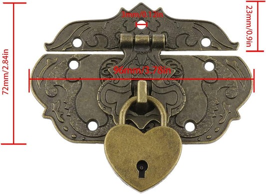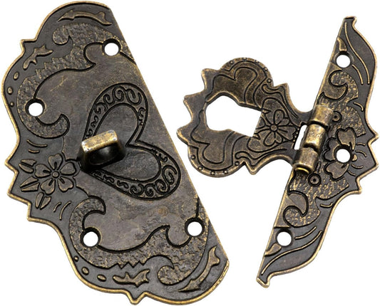 Set of 2 Antique Carved Decorative Buckle Door Latches with Heart-shaped Padlock for Furniture and Jewelry Boxes
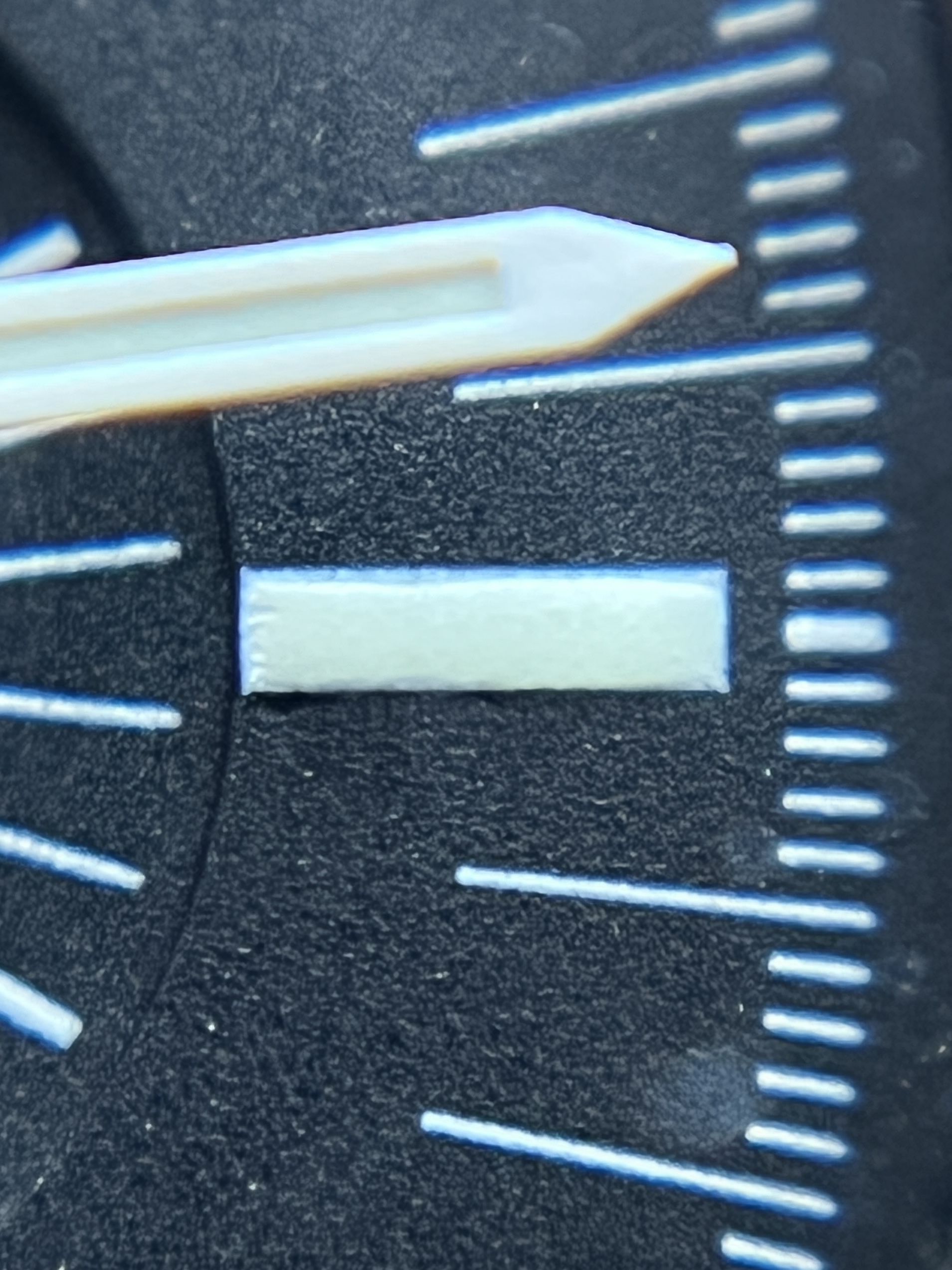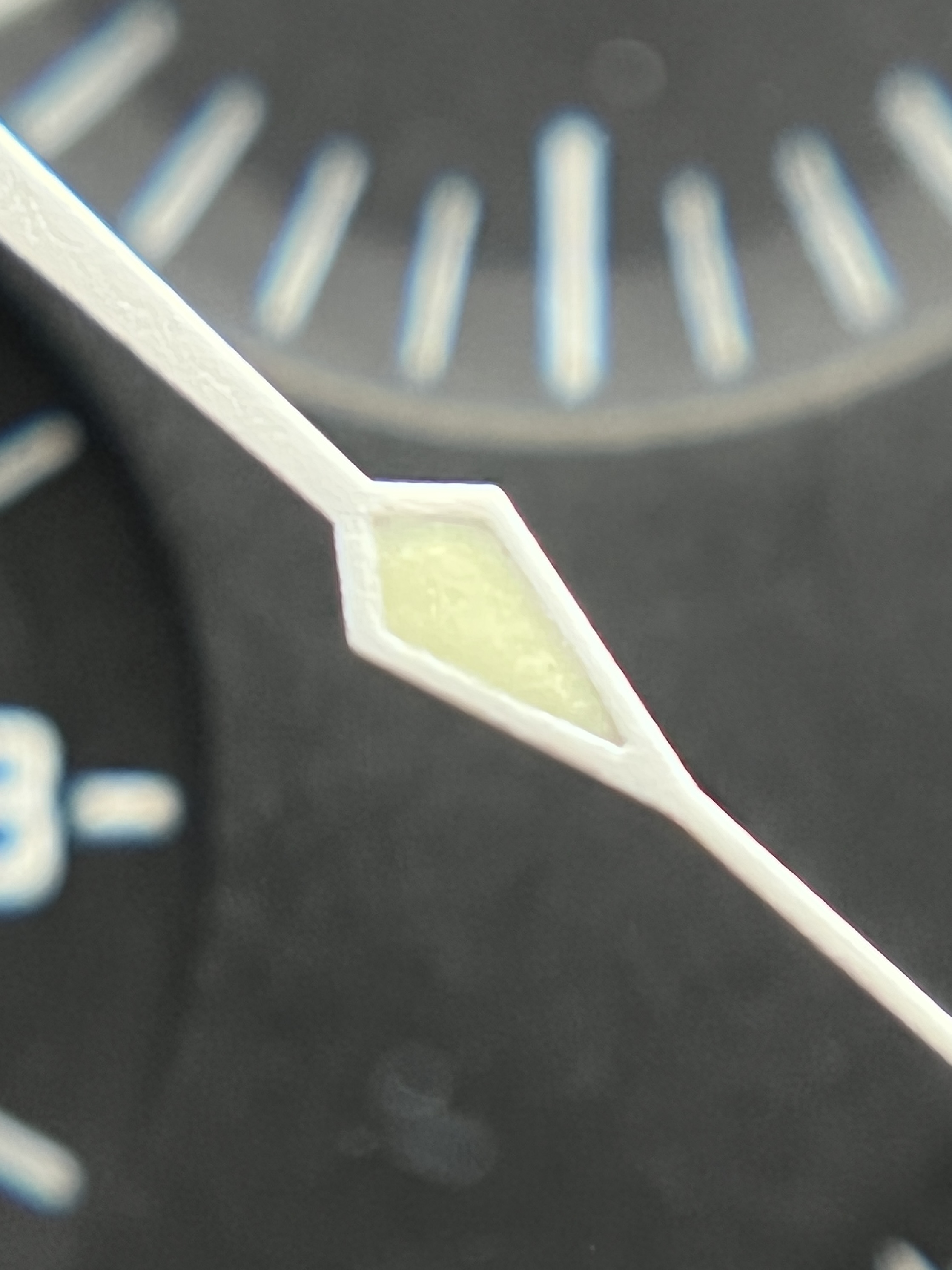 Here are a few close-ups of the lume plots, do let me know your thoughts please. The quality of the application appears to be in line with Omega standards from that time and, well, it just isn’t a redial. The only thing that I have no explanation for is the tiny, shiny black spots around some of the indices, especially noticeable on the 12 o clock one.
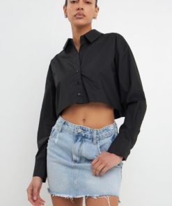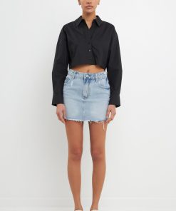 A little bit of edge goes a long way. We love a good skirt and this washed denim one is sure to make a statement. With a high-low hem, it’s perfect for showing off your favorite pair of shoes. The 5 pocket style and button closure zipper give it an added touch of detail. Dress it up or down, this versatile skirt will take you from day to night in style.
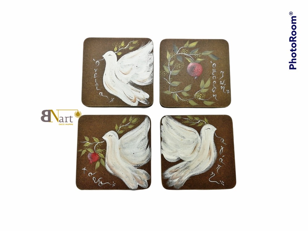Σουβέρ σετ 4 τεμ. σχέδιο Περιστέρια 10x10 cm

________________

WHAT THE EXERCISE ASKS
What you give back should be the full material above, retyped exactly, with every image removed.

ANSWER SECTION
 Set of 2 Antique Carved Decorative Buckle Door Latches with Heart-shaped Padlock for Furniture and Jewelry Boxes
 Here are a few close-ups of the lume plots, do let me know your thoughts please. The quality of the application appears to be in line with Omega standards from that time and, well, it just isn’t a redial. The only thing that I have no explanation for is the tiny, shiny black spots around some of the indices, especially noticeable on the 12 o clock one.
 A little bit of edge goes a long way. We love a good skirt and this washed denim one is sure to make a statement. With a high-low hem, it’s perfect for showing off your favorite pair of shoes. The 5 pocket style and button closure zipper give it an added touch of detail. Dress it up or down, this versatile skirt will take you from day to night in style.
Σουβέρ σετ 4 τεμ. σχέδιο Περιστέρια 10x10 cm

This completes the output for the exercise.